-- TASK INSTRUCTIONS --
Nothing but the lines from the one containing "Completely stock and" to the end of the records that follow should be transcribed, each exactly, with the pictures left out.

::::::::

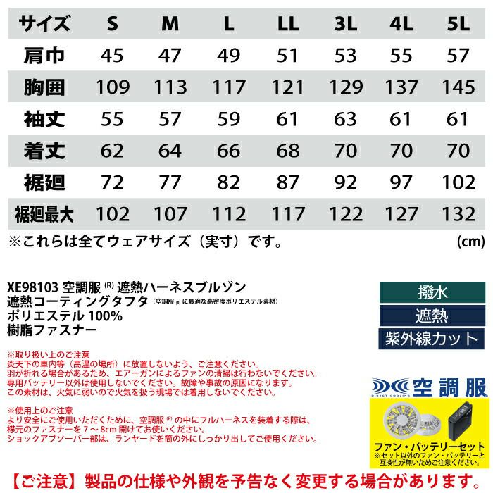 空調服 電動ファン 作業服 XEBEC 空調服 電動 ファン対応 春夏用 ジーベック 作業服 作業着 XE98103setR3-02(SP01GX) 空調服遮熱ハーネスブルゾン バッテリとファンのセット S-5L
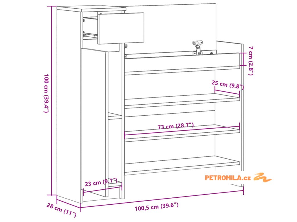 - Rozměry: 100,5 x 28 x 100 cm (Š x H x V)
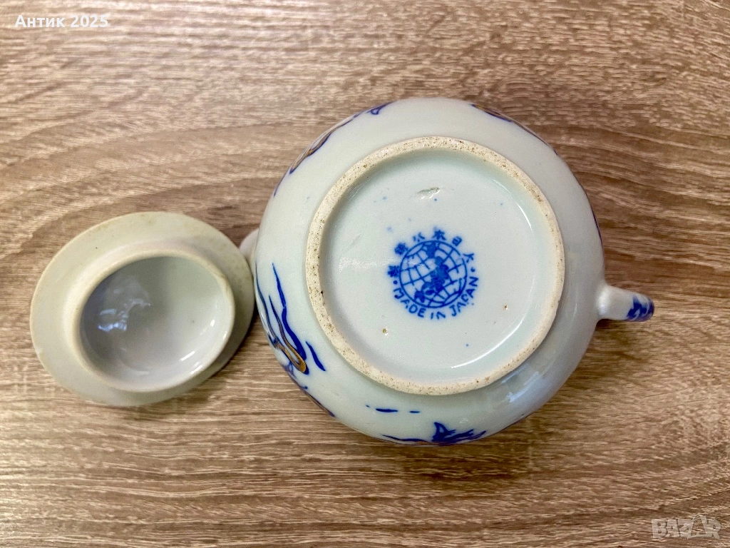 Декоративен чайник от японски порцелан, произведен за експортния пазар в средата на XX век. На дъното е налично клеймо Made in Japan, характерно за следвоенното експортно производство.
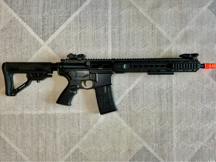 Completely stock and never used in the field. Almost new out of the box. Comes with 1 magazine.
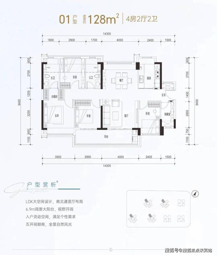 建面约128㎡属于南北通透竖厅格局,客厅进深7.1米(不含阳台),开间4米,配有6.96米宽景阳台,主卧套间设计,配有衣帽间和三段式卫生间。这个户型除通透性比传统横厅更优异外,静区部分的静溢性也会比较好,居住舒适性更佳,受众也是老少皆宜。

::::::::

-- SOLUTION TO THE PROBLEM --
 Completely stock and never used in the field. Almost new out of the box. Comes with 1 magazine.
 建面约128㎡属于南北通透竖厅格局,客厅进深7.1米(不含阳台),开间4米,配有6.96米宽景阳台,主卧套间设计,配有衣帽间和三段式卫生间。这个户型除通透性比传统横厅更优异外,静区部分的静溢性也会比较好,居住舒适性更佳,受众也是老少皆宜。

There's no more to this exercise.